Epidemic or not, the NHS is suffering

13 Jan 00
Whether the outbreak of flu sweeping Britain is an epidemic is a moot point. Statistically, it isn't. The official figures for reported cases are little more than for January last year.

14 January 2000

Yet Dr Liam Donaldson, the chief medical officer, has openly used the word epidemic, which he justifies on estimates of the number of sufferers who have not bothered to consult a doctor. Some others suspect he may be concerned to justify the government's stewardship of increasingly hard-to-find intensive care beds.

What is certain is that the flu crisis has focused attention on whether, this year or next, the NHS is capable of coping with a widespread outbreak, epidemic or not. As usual, it is a question of money.

Managers and doctors are adamant that government policy is setting the NHS on course for another winter crisis next year. This week they called on ministers to abandon the efficiency savings that have reduced bed capacity, while a health service expert warned that the Private Finance Initiative was reducing hospitals' ability to cope with the seasonal demand still further.

Annual efficiency savings of around 3% have been imposed on the service, first by the Conservatives in the 1980s, and more recently by Labour.

Though it is generally accepted that economies were possible up to the early 1990s, staff report that the only way to achieve the desired savings now is by cutting essential services. Bed capacity has been cut to dangerously low levels and the service is now less well able to cope with increased demand, they say.

Bed occupancy rates in many hospitals run at between 90% and 95%, even though the royal colleges recommend 80% occupancy to cope with peaks of demand. Private hospitals have a rate around 50%, which enables them to ensure waiting lists are relatively small.

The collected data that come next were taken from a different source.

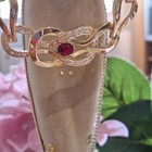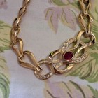 Stunning statement necklace with faux ruby & diamond stones, in gold tone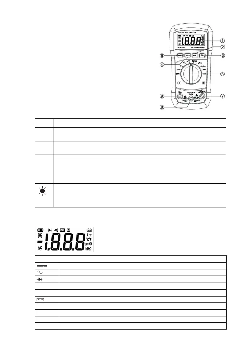 tipkom prebacujete se između DC/AC napona, Dioda/protok i °C / °F.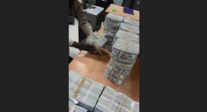 According to a video that has since gone viral Sudanese officials are seen removing the stashes of dollar bills from suitcases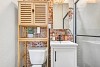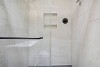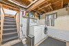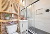 The remodeled three-quarter bathroom feels like a spa, with fresh tile and a skylight that floods the space with natural light. The main-level bedroom offers a walk-in closet and peaceful backyard views. Downstairs, a partial basement (accessed via floor hatch in the sunroom) provides convenient built-in laundry and additional storage.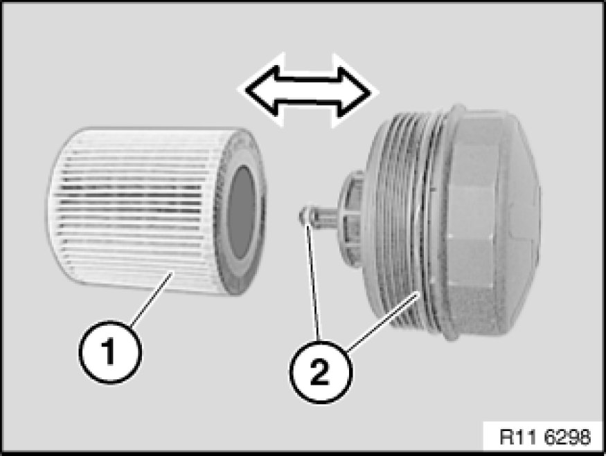 Remove and insert oil filter element (1) in direction of arrow.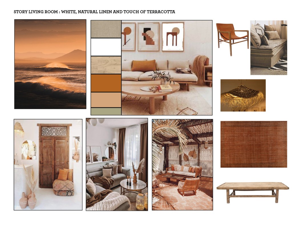 Je vous présente ici les planches tendances choisies par mes clients pour leur bel appartement à Biarritz, face à Marbella. Mes inspirations viennent de leurs photographies de @platoux (Jon Sanchez) et de leur histoire, entre Bali, le surf et la Suède. J’ai hâte de vous montrer le rendu final, mais voilà déjà un avant-goût des ambiances pour chaque pièce.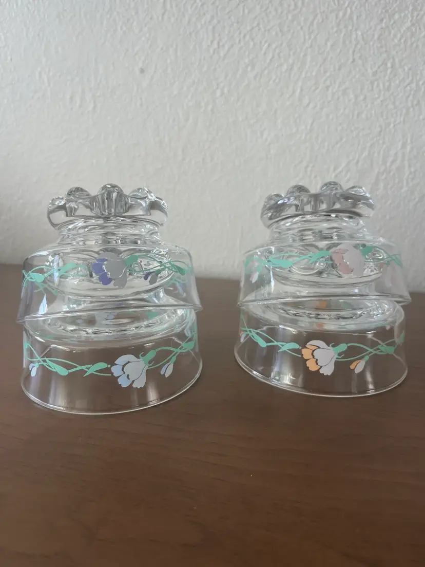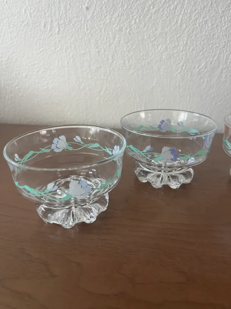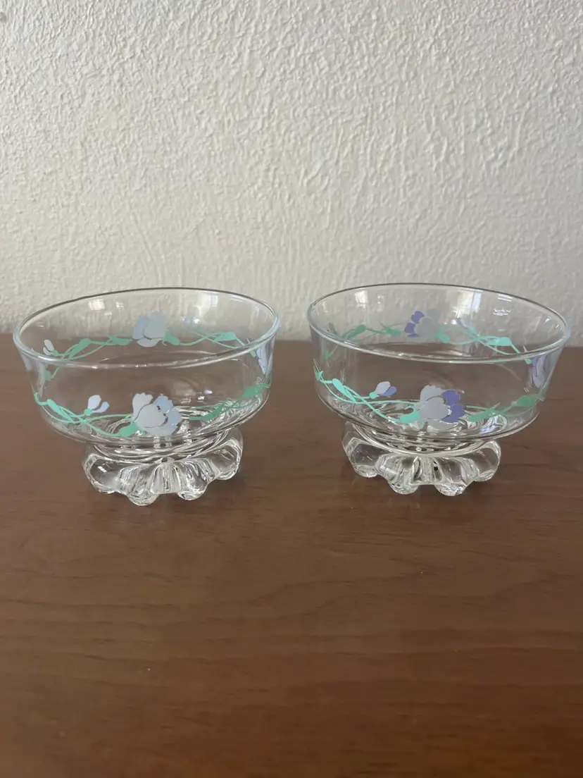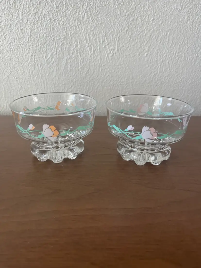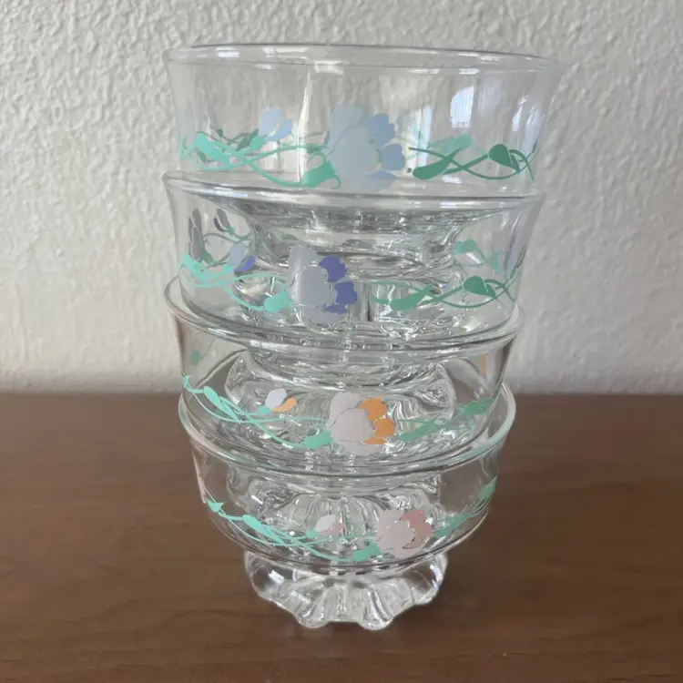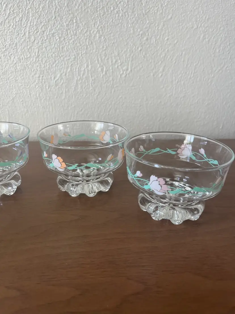 Set of 4 vintage glass footed dessert bowls feature a delicate pastel floral pattern and are commonly used for serving sundaes, sorbet, or pudding.

The government's own research has found that periodic bed crises are inevitable with levels of more than 90%. Yet the government has asked the service to find a further 3% in efficiency savings in 2000/01.

NHS Confederation chief executive Stephen Thornton labelled this counter-productive. 'If this requirement remains, there is a real danger that bed occupancy can only rise further next year,' he said.

He called on the government to review the target. 'We need a new approach to efficiency, based on strategic capital investment which will produce real efficiency improvements for the future. At the moment, "efficiency" in the NHS has come to mean a dilution of quality.'

Peter Hawker, the British Medical Association's consultants' leader, said the NHS should plan bed numbers for an ageing population.

'I was glad to hear the chief medical officer say that our planning must take particular account of the health needs of older people,' he said.

'I hope that is a strong signal that we will stop the relentless drive to cut out bed capacity in our hospitals.

'Older patients often have multiple health problems and their stays in hospital will inevitably be longer than for younger, fitter patients. It is time we recognised that our assumptions about bed numbers need to be built on real need.'

The PFI threatens to reduce bed capacity still further, according to Professor Allyson Pollock, head of the health policy and health services research unit at University College London.

She said the number of beds has remained static at around 108,000 since 1994/95 but bed numbers would fall by 30% in the first 15 PFI schemes.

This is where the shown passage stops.